TASK ITEM:
The whole listing that follows is to be restated word for word, images excluded.

DATASET CONTENT:
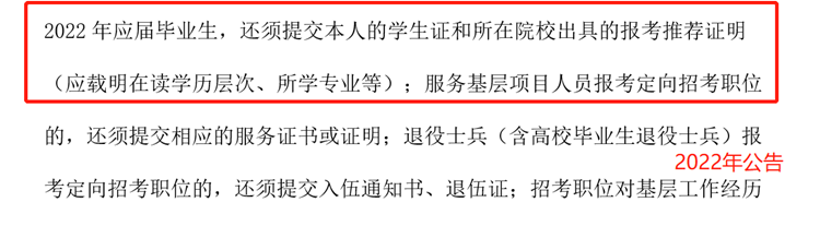 2022年河南相比去年,在面試后針對(duì)于2022應(yīng)屆生有了明確的變化,2022年應(yīng)屆生應(yīng)提供本人學(xué)生證和學(xué)校報(bào)考推薦證明。所以2022年應(yīng)屆生要尤為的注意了,把材料準(zhǔn)備齊全進(jìn)行面試,不要出現(xiàn)材料缺失問(wèn)題。
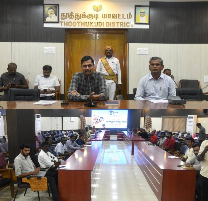 தூத்துக்குடி மாவட்ட ஆட்சியர் அலுவலகக்கூட்டரங்கில் இன்று (20.05.2025), பள்ளிக் கல்வித்துறை சார்பில் 2024-25 ஆம் கல்வியாண்டில் பன்னிரெண்டாம் வகுப்பு தேர்ச்சி பெற்ற மாணவ, மாணவியர்களிடையே உயர்கல்வியை ஊக்குவிக்கும் வகையில் நான் முதல்வன் திட்டத்தின்கீழ் மாணவர்களுக்கு உயர்கல்வி குறித்து உரிய வழிகாட்டுதல்களை வழங்க வேண்டுமென்று என்ற நோக்கில் மாவட்ட ஆட்சியர் அலுவலகத்தில் அமைக்கப்பட்டுள்ள மாவட்ட அளவிலான கட்டுப்பாட்டு அறையின் செயல்பாடுகளை மாவட்ட ஆட்சித்தலைவர் இளம்பகவத் தொடங்கி வைத்தார்.
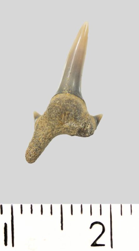 Зуб. Акула. Protolamna cf. sokolovi Cappetta, 1980. Классификация: Хордовые Chordata, Позвоночные Vertebrata, Хрящевые рыбы Chondrichthyes, Пластиножаберные Elasmobranchii, Акулы Selachii, Ламнообразные Lamniformes, Pseudoscapanorhynchidae
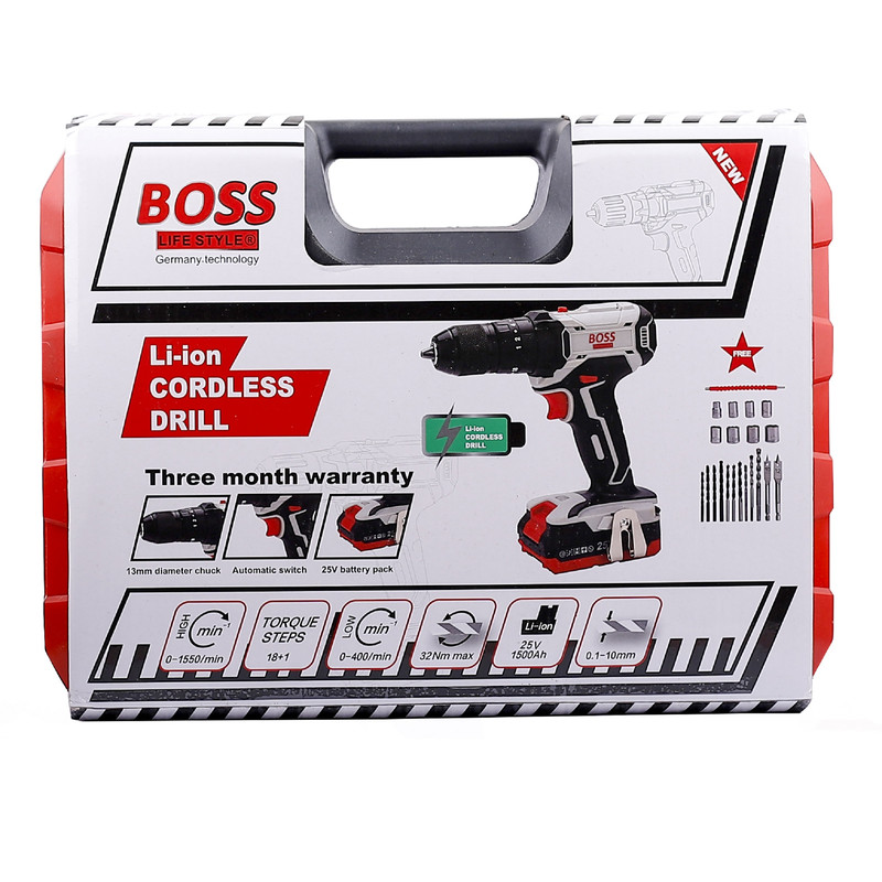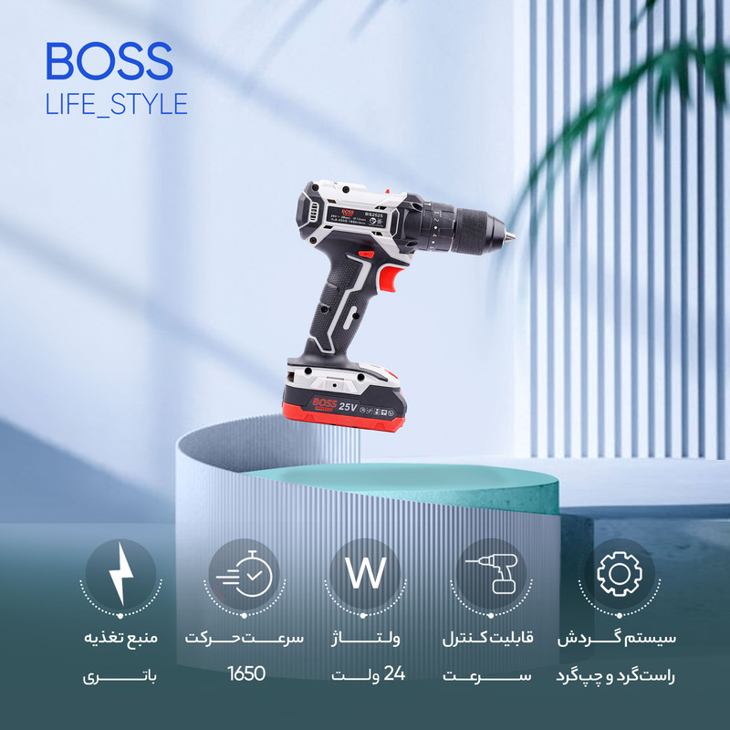 دریل پیچ گوشتی چکشی شارژی مدل LIFE_STYLE یکی دیگر از محصولات کمپانی باس جنتلمن هنرکار است که با عرضه در ابزار فروش شهر در دیجی کالا یکی از بزرگترین پلتفرم های فروش در بازار اینترنتی ایران است به همراه داشتن دریل پیچگوشتی در کنار کیف ابزار، در انجام کارهای تعمیراتی کمکی زیادی به شما خواهد کرد. این دستگاه جایگزین مناسبی برای پیچگوشتیهای معمولی است و موجب بالارفتن سرعت کاربر در حین کار میشود و باید برای این منظور مجموعهای کامل از سریهای پیچگوشتی تهیه کنید. دریل پیچ گوشتی شارژی باس مدل LIFE_STYLE با توجه به سرعت چرخش مناسبی که دارد، در حالت دریل نیز عملکرد خوبی خواهد داشت. دارای سه نظام 13 میلیمتر خودکارو فلزی می باشد. سرعت این محصول قابلکنترل است و کاربر میتواند آن را در دو بازهی 0 تا 450 و 0 تا 1650 دور بر دقیقه تنظیم کند. گشتاور این دریل پیچگوشتی نیز مانند سرعت آن قابلتنظیم است. این محصول دارای باتری لیتیومیونی است که ولتاژی 25 ولتی و ظرفیتی بالایی دارند. وجود روکش لاستیکی برای جلوگیری از لغزش از دیگر مزایای این دستگاه است. از دیگر مزایای این دستگاه کیفیت بالا و قیمت رقابتی ان است

COMPLETED TASK:
 2022年河南相比去年,在面試后針對(duì)于2022應(yīng)屆生有了明確的變化,2022年應(yīng)屆生應(yīng)提供本人學(xué)生證和學(xué)校報(bào)考推薦證明。所以2022年應(yīng)屆生要尤為的注意了,把材料準(zhǔn)備齊全進(jìn)行面試,不要出現(xiàn)材料缺失問(wèn)題。
 தூத்துக்குடி மாவட்ட ஆட்சியர் அலுவலகக்கூட்டரங்கில் இன்று (20.05.2025), பள்ளிக் கல்வித்துறை சார்பில் 2024-25 ஆம் கல்வியாண்டில் பன்னிரெண்டாம் வகுப்பு தேர்ச்சி பெற்ற மாணவ, மாணவியர்களிடையே உயர்கல்வியை ஊக்குவிக்கும் வகையில் நான் முதல்வன் திட்டத்தின்கீழ் மாணவர்களுக்கு உயர்கல்வி குறித்து உரிய வழிகாட்டுதல்களை வழங்க வேண்டுமென்று என்ற நோக்கில் மாவட்ட ஆட்சியர் அலுவலகத்தில் அமைக்கப்பட்டுள்ள மாவட்ட அளவிலான கட்டுப்பாட்டு அறையின் செயல்பாடுகளை மாவட்ட ஆட்சித்தலைவர் இளம்பகவத் தொடங்கி வைத்தார்.
 Зуб. Акула. Protolamna cf. sokolovi Cappetta, 1980. Классификация: Хордовые Chordata, Позвоночные Vertebrata, Хрящевые рыбы Chondrichthyes, Пластиножаберные Elasmobranchii, Акулы Selachii, Ламнообразные Lamniformes, Pseudoscapanorhynchidae
 دریل پیچ گوشتی چکشی شارژی مدل LIFE_STYLE یکی دیگر از محصولات کمپانی باس جنتلمن هنرکار است که با عرضه در ابزار فروش شهر در دیجی کالا یکی از بزرگترین پلتفرم های فروش در بازار اینترنتی ایران است به همراه داشتن دریل پیچگوشتی در کنار کیف ابزار، در انجام کارهای تعمیراتی کمکی زیادی به شما خواهد کرد. این دستگاه جایگزین مناسبی برای پیچگوشتیهای معمولی است و موجب بالارفتن سرعت کاربر در حین کار میشود و باید برای این منظور مجموعهای کامل از سریهای پیچگوشتی تهیه کنید. دریل پیچ گوشتی شارژی باس مدل LIFE_STYLE با توجه به سرعت چرخش مناسبی که دارد، در حالت دریل نیز عملکرد خوبی خواهد داشت. دارای سه نظام 13 میلیمتر خودکارو فلزی می باشد. سرعت این محصول قابلکنترل است و کاربر میتواند آن را در دو بازهی 0 تا 450 و 0 تا 1650 دور بر دقیقه تنظیم کند. گشتاور این دریل پیچگوشتی نیز مانند سرعت آن قابلتنظیم است. این محصول دارای باتری لیتیومیونی است که ولتاژی 25 ولتی و ظرفیتی بالایی دارند. وجود روکش لاستیکی برای جلوگیری از لغزش از دیگر مزایای این دستگاه است. از دیگر مزایای این دستگاه کیفیت بالا و قیمت رقابتی ان است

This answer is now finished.